Locust invasion in Lucknow, Uttar Pradesh, India. Photo: Azam Husain/Barcroft Media via Getty Images
For much of this year, desert locusts have ravaged large swathes of farmlands and forage across East Africa, the Middle East, Southwest Asia and West Africa, in one of the worst outbreaks in decades, threatening the livelihoods of millions of people. And, thanks to climate change, scientists are warning that these outbreaks are only going to get worse in the future, as extreme weather events continue to break out across every region.
In November 2019, Djibouti suffered two years worth of rain in a single day. The water level of Lake Victoria, the largest lake in Africa, is the highest it has been in decades. Meanwhile, the Kilimanjaro region on the border between Kenya and Tanzania – which had consecutive, alternating wet and dry years – has just experienced the wettest year in four decades, all these creating the perfect conditions for the infestation.
Also year on year, the western part of the Indian Ocean is getting warmer relative to the eastern side – a phenomenon knows as the Indian Ocean Dipole (IOD) – creating both periods of long drought and heavy rainfall in East Africa.

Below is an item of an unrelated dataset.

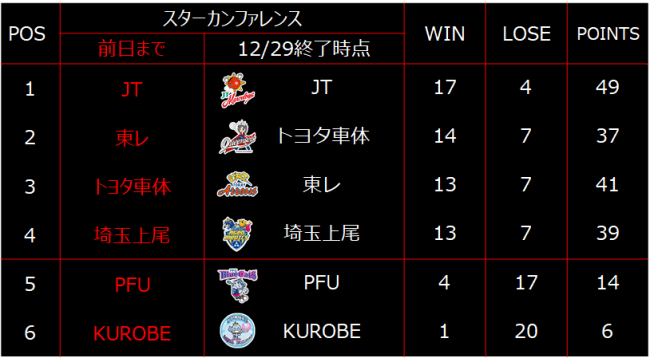 バレーボール国内最高峰リーグ V.LEAGUE【12月29日の試合結果】
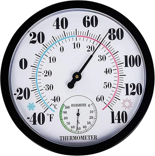 5′ Indoor Outdoor Hygrometer/Thermometer, Humidity Gauge Indicator Temperature Humidity Monitor, Analog Hygrometer Humidor (English Version)

“This is the heat from the emission of greenhouse gasses which is stored in the ocean and causes the ocean to warm up,” Abubakr Salih Babiker, a climate scientist with the Intergovernmental Authority on Development’s Climate Prediction and Applications Centre, told VICE News. “The Western part of the Indian ocean, the part that affects the East African region is seeing the fastest warming up of the tropical oceans in the past 100 years.”
The desert locust is the most destructive migratory pest in the world. They are part of a group of insects that have the ability to change their behaviour and migrate over large distances. You can have around 40 million to 80 million locust adults in each square kilometre of a swarm, travelling up to 150 kilometres a day. A swarm of 40 million locusts eats the same amount of food in one day as about 35,000 people.
The Sea Surface Temperatures (SST) in the Western Indian Ocean have increased by 1.2 degrees centigrade in the past century, higher than the global average of just slightly below 1 degree centigrade. At this rate, the locust invasions seen this year will become more common, bringing with them diseases and other pests, Babiker added. A positive IOD of warmer ocean water near the East African Coast will also result in higher annual rates of cyclones and more rainfall.
In 2019, there were a record-high eight cyclones in the Indian Ocean. Heavy rains caused by Cyclone Mekunu created desert lakes in Saudi Arabia’s “empty quarter” region. This is where the desert locusts lay their eggs and feed on the green vegetation. Consecutive cyclones that brought heavy rains to the Horn of Africa created conducive grounds for these locusts to then bread.
By April this year, over 500,000 hectares of cropland including sorghum and maize were damaged in Ethiopia, putting over a million people in need of food assistance. Pakistan declared a national emergency to combat the pests after locusts devoured wheat and cotton crops before crossing over to India, while Somalia declared a national emergency over their invasion.
The locusts have also caused havoc in Sudan, South Sudan, Djibouti and Eritrea, too. Uganda, Tanzania and the Democratic Republic of Congo have also reported problems in handling the swarm. Residents in Ethiopia, Somalia and Kenya have tried to fight the pests by lighting fires, banging plastic bottles, honking their cars and screaming, all in vain. The invasion is now expected to continue into October, as parts of Somalia, Sudan, Yemen have been hit by double the normal rainfall in August and September.
The UN’s Food and Agriculture Organisation says it needs $153 million to respond to the eight Eastern African countries affected this year, where 20.2 million people are already facing severe acute food insecurity.
If conditions become less favourable in East Africa, the pests will continue to migrate to the already food insecure Sahel region in search of green pastures. The last time the Sahel region was hit by a locust invasion was in 2003-05, which caused severe food shortages affecting more than 8 million people and destroying crops worth $2.5 billion.
In March 2020, there were an estimated 17.2 million food-insecure people in West Africa, a desert locust outbreak would expand that number considerably.
“The climate is oscillating between extremes of dryness and wetness and these kinds of extreme weather are expected to continue in the future,” Babiker said. “Information and knowledge are the power that can help avert the impact of these extreme events.”